Pin1 directly interacts with Smad6 and modulates its localization. A, cell lysates were precleared with normal IgG and immunoprecipitated (IP) with anti-Pin1 prior to immunoblots with antibodies shown. 10% of lysates served as input. B, recombinant WT and mutant (MT) Smad6 with four potential Pin1 sites (Ser²⁷⁴-Pro, Ser²⁸³-Pro, Ser³²²-Pro, and Ser⁴¹⁴-Pro) mutated from serine to glutamic acid were pulled down with GST and GST-Pin1 and probed with anti-Smad6. The inputs of control GST and GST-Pin1 were stained by Ponceau S (red) and are shown at the bottom. C, Pin1 interacts with the Ser²⁷⁴-Pro motif in Smad6. TAT-WT-Smad6 and TAT mutant Smad6 (S274A, S283A, and S322A) were added to the Fb culture before treatment of the cells with TGF-β1 (1 ng/ml) for 1 h. Cell lysates were pulled down with anti-Pin1 followed by immunoblot with anti-Pin1 and anti-His (Smad6). D, starved, wild-type cells (2 days) were treated with TGF-β1 for 1 h followed by immunostaining with anti-Pin1 (green), Smad6 (red), and TO-Pro (blue). E, cells were treated as in D and analyzed as in A. F, cells were treated with TGF-β1 for 10 min, and cytosolic protein was subjected to a Pin1 isomerase assay as described under “Experimental Procedures.” The products were measured at 390 nm. G, cells were treated as in D and immunostained with anti-Smad6. H, cells were treated as in D, and cytoplasmic (cyt) and nuclear extracts (nuc) were immunoblotted with antibody to Smad6, Pin1, and lamin B1 (nuclear marker).

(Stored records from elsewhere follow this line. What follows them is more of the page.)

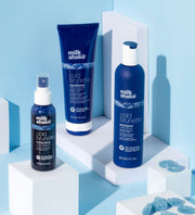 Cold Brunette counteracts naturally occurring orange/ red undertones in cool-toned brunettes. The shampoo and conditioner can be used at the basin after a color service and also at home as a maintenance product, along with the toning spray.
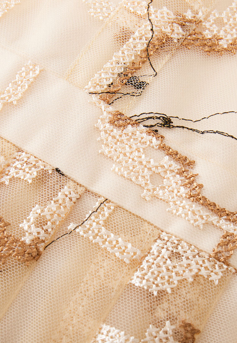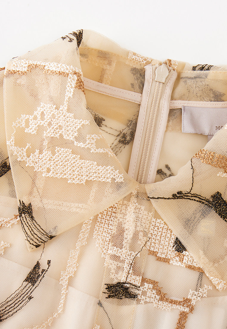 Elegant, understated, and decent is the best description of this item. Beige mesh encrusted with abstract pattern cross-stitch, finish up with black lurex. Skin lurks through long sleeves, and evokes understated sexiness. Stand collar. A delightfully elegant piece you do not want to miss.
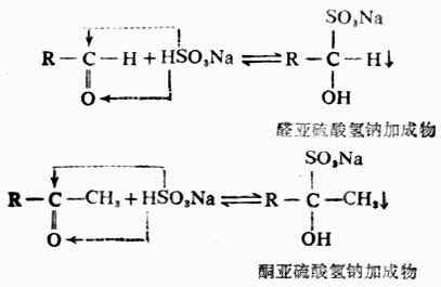 醛、脂肪族甲基酮和低级环酮(成环的碳原子在8个以下)都能与过量的饱和亚硫酸氢钠溶液发生加成反应,生成稳定的亚硫酸氢盐中成物。
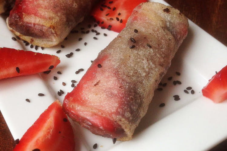 Ingrédients : 250g de fraises, 30g de sucre, beurre, 8 cuillères à café de crème pâtissière, 8 feuilles de brick,
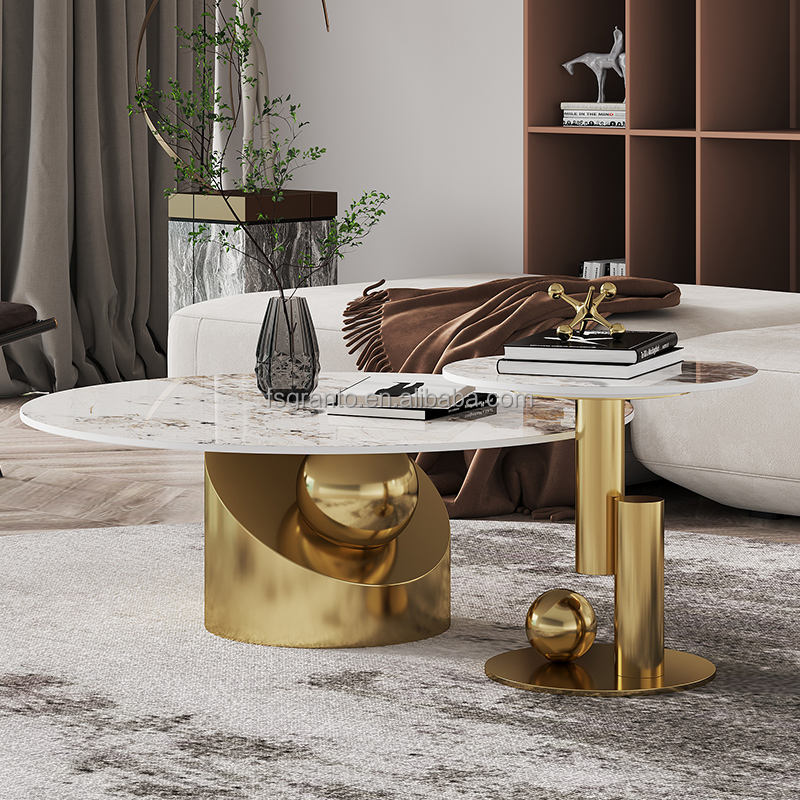 Juego de Mesa de Centro Extensible de Lujo Moderno con Estructura de Acero Inoxidable, 2 Mesas Redondas Centrales y Mesa Auxiliar, Muebles de Interior

Data shown are representative of five independent experiments.

FIGURE 7.

Smad6 knockdown restores TGF-β signaling in Pin1 null cells. A, primary lung Fb transfected with control or Smad6-specific siRNA (50 nm) were treated with TGF-β1 for 1 h. Whole cell lysates were immunoblotted with antibodies shown on the right. B, cells were treated as in A, and cytoplasmic (cyt) and nuclear extracts (nuc) were probed with antibodies shown on the right. Lamin B1 served as nuclear marker. C, cells were transfected with Smad6-specific siRNA and then infected with lentiviral vectors containing Smad2/3-responsive luciferase reporter and Renilla-luciferase constitutively active reporter. After 1 day, cultures were treated with vehicle or TGF-β1 (1 ng/ml) for an additional 2 days. Cell lysates were subjected to a luciferase activity assay using the Dual-Luciferase Assay system and normalized to the Renilla-luciferase reporter. Data shown are representative of at least five independent experiments and are expressed as the mean ± S.D. *, p < 0.05. NS, not significant. D, proposed model of Pin1 regulation of TGF-β/Smad signaling (for details, see “Results”).